Would you copy the records below, exactly and only from their first line through the line containing "Les disques rotatifs", without any pictures?

Start of Recorded data

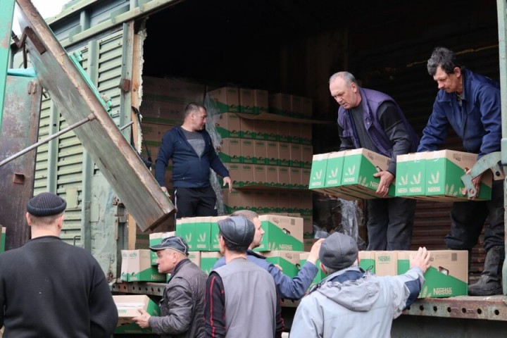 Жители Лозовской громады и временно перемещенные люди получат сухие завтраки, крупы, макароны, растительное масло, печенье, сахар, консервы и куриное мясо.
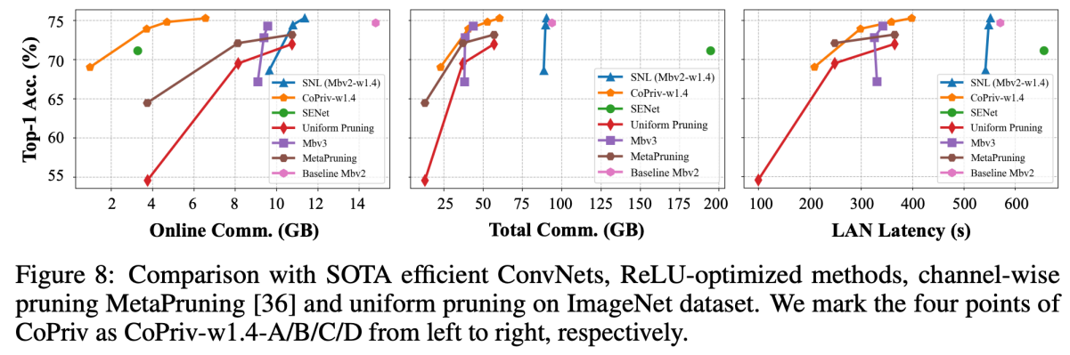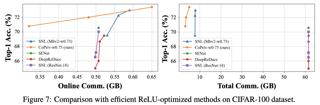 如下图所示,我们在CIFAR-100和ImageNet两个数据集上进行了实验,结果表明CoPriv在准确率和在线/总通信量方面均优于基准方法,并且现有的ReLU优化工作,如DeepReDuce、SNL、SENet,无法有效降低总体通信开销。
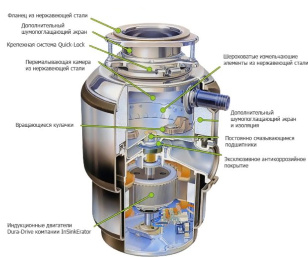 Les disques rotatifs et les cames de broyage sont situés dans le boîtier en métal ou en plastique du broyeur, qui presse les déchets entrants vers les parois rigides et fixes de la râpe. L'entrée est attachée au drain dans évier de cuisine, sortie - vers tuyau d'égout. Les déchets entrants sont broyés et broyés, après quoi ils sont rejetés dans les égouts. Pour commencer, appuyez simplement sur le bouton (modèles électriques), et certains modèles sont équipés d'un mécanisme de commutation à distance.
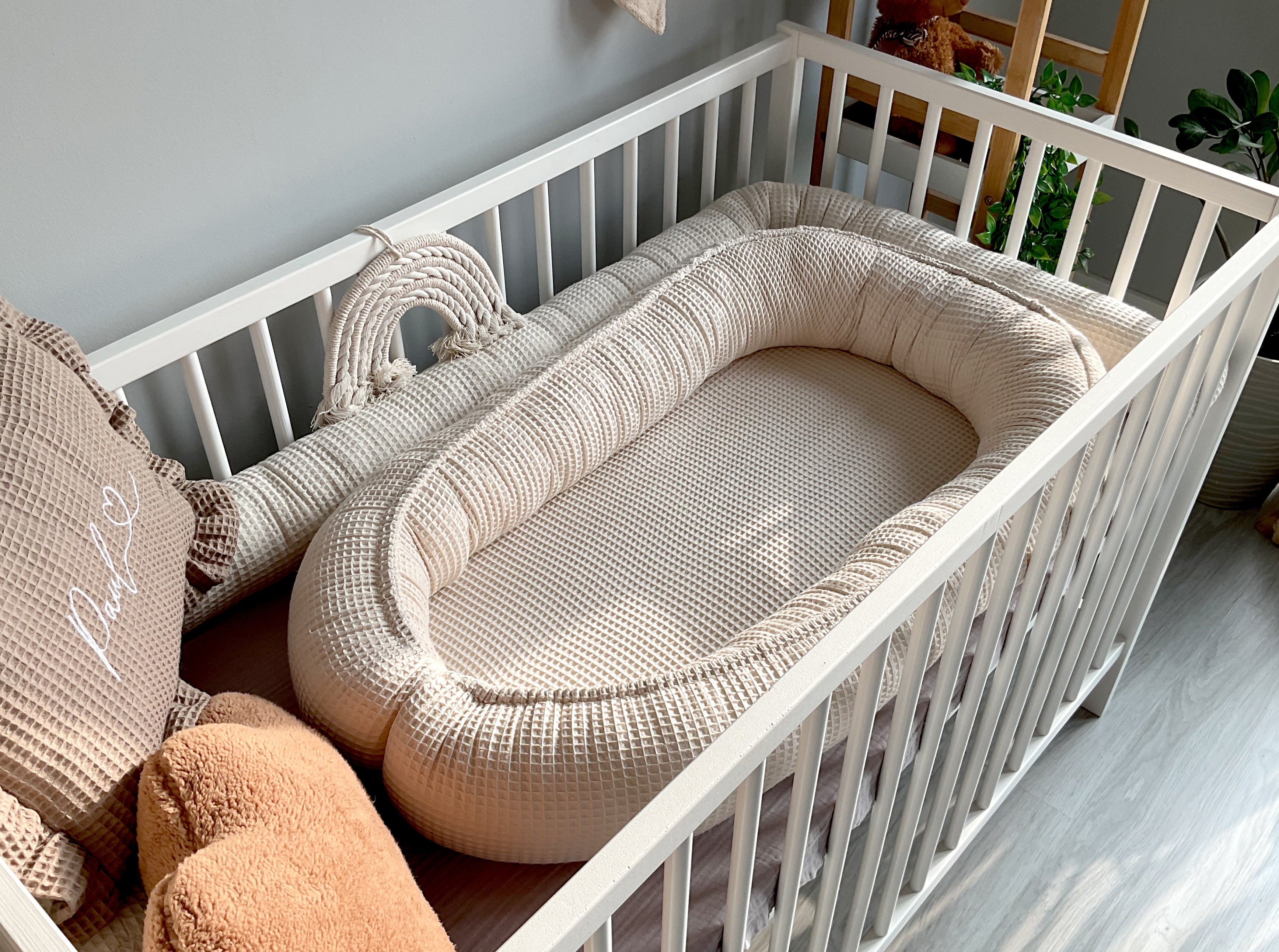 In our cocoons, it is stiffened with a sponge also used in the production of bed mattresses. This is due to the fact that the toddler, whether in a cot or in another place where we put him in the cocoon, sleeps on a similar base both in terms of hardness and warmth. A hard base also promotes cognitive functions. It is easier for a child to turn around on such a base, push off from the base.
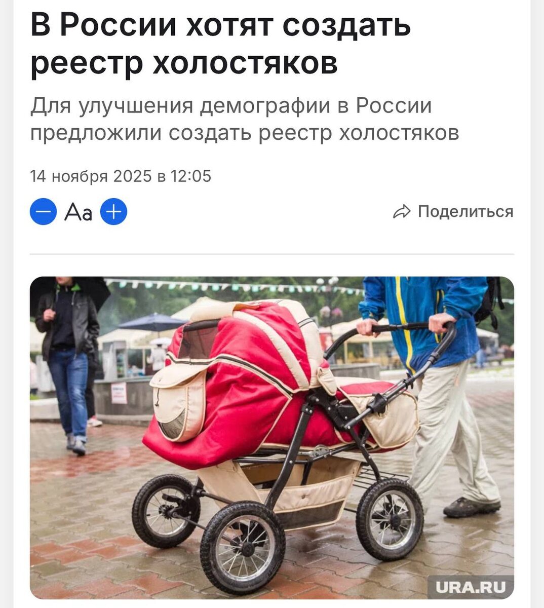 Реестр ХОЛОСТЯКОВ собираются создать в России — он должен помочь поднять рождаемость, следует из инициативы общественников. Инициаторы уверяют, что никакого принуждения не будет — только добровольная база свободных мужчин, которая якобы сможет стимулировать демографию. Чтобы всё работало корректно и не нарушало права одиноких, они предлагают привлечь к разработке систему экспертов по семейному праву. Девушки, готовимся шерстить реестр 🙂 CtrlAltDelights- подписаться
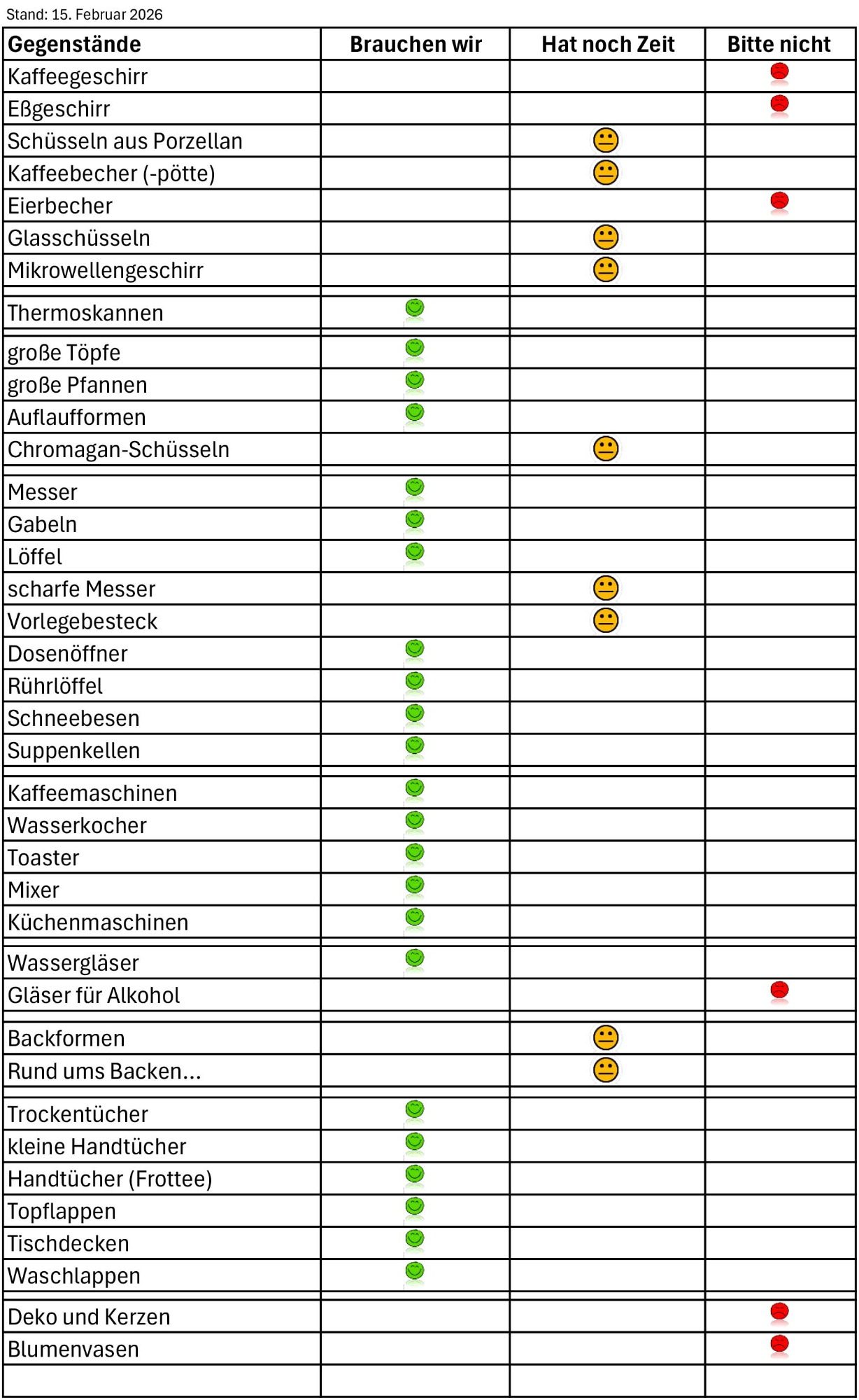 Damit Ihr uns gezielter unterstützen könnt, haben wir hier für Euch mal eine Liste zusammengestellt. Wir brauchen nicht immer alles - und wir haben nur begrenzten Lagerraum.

End of Recorded data

* _Problem solution_
 Жители Лозовской громады и временно перемещенные люди получат сухие завтраки, крупы, макароны, растительное масло, печенье, сахар, консервы и куриное мясо.
 如下图所示,我们在CIFAR-100和ImageNet两个数据集上进行了实验,结果表明CoPriv在准确率和在线/总通信量方面均优于基准方法,并且现有的ReLU优化工作,如DeepReDuce、SNL、SENet,无法有效降低总体通信开销。
 Les disques rotatifs et les cames de broyage sont situés dans le boîtier en métal ou en plastique du broyeur, qui presse les déchets entrants vers les parois rigides et fixes de la râpe. L'entrée est attachée au drain dans évier de cuisine, sortie - vers tuyau d'égout. Les déchets entrants sont broyés et broyés, après quoi ils sont rejetés dans les égouts. Pour commencer, appuyez simplement sur le bouton (modèles électriques), et certains modèles sont équipés d'un mécanisme de commutation à distance.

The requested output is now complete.